If you didn't notice you were open to compromise, don't know how you were compromised, and only know that the system you were backing up was definitely compromised, restoration is definitely not just a "click the button and cross your fingers" type of restore.
If anything, it's condemn every system you have immediately, back them up (what new data may or may not be required that hasn't made a backup yet?), wipe them out entirely, restore piecemeal and then try to rebuild every OS, service, database, configuration, integration, etc. from scratch without EVER letting the old machines back onto the new network directly.
Not necessarily, but it is possible. They may be trying to rebuild something better rather than restoring exactly what they had before, or they might have to rebuild something different because they don't have some of what used to exist. From the statements in the article, I don't think we can know for sure whether either of those apply. Similarly, they may have restored a lot of the content from backups but want to recreate all the systems that handled that content from scratch, which would certainly add to the recovery time. It's often not as simple as did they have unaffected backups yes or no.
"This time [...] with some security" is not something you can just buy.

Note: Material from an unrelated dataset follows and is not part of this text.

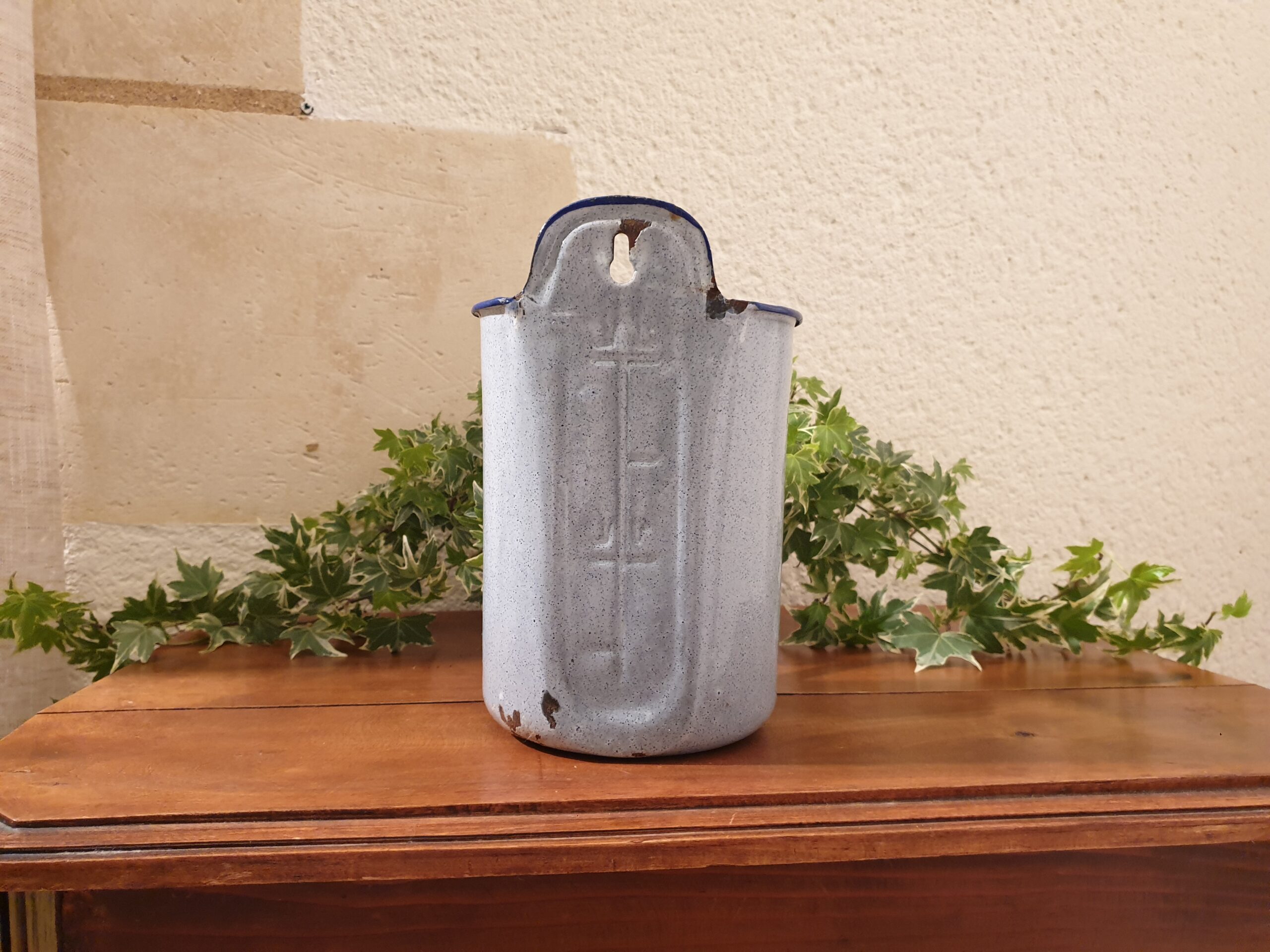Broc à Lavement Émaillé Bleu : Un Cache-Pot Vintage et Original

You have to work on doing that better than last time, and that takes time and effort. Insurance covering the costs depends on whether you had insurance that covers that, which not everyone does, and doesn't necessarily shorten the time to recovery; if the insurance lets you hire the most expensive consultants and as many of them as you want, then you can cut down on implementation time to some extent, but it usually doesn't let you do that. Even if it did, there comes a point where adding more people won't speed up the process anymore.
If the infiltrator is effectively nation-state backed and the motivation is likely more political with a side offering of cash then the damage can be massive. Especially when you don't know how long they've been in your systems or potentially how they got there.
As a (very) small-time sysadmin, I have trouble understanding why so many very large organisations are so hard-hit by ransomware attacks. Sure, the exfiltrated data is gone, nothing you can do about that. But what about service restoration? Is it really that hard to rebuild a server infrastructure and recover/restore data at least to a certain point?
I know, there's always the odd backup that didn't actually back up anything since the last twelve months, but that should be the exception. Am I the only one who believes in "If you haven't tested restoring, then you do not have a backup"? What's with multi-level, offline or write-once backups? Do they not have incident response and disaster recovery plans?
I would really love to learn more about the detailed problems they're battling. I can't just put all of this down to incompetence or negligence. Are modern infrastructures simply built in a way that makes recovery so hard? Are they all saving so hard that someone has to get the ten-year-old DR plans from the proverbial filing cabinet in a locked bathroom stall in the basement?
Much of this is down to cost.
Capability directly links to cost.
Let's say that you have stuff locally backed up to disk and it is still viable.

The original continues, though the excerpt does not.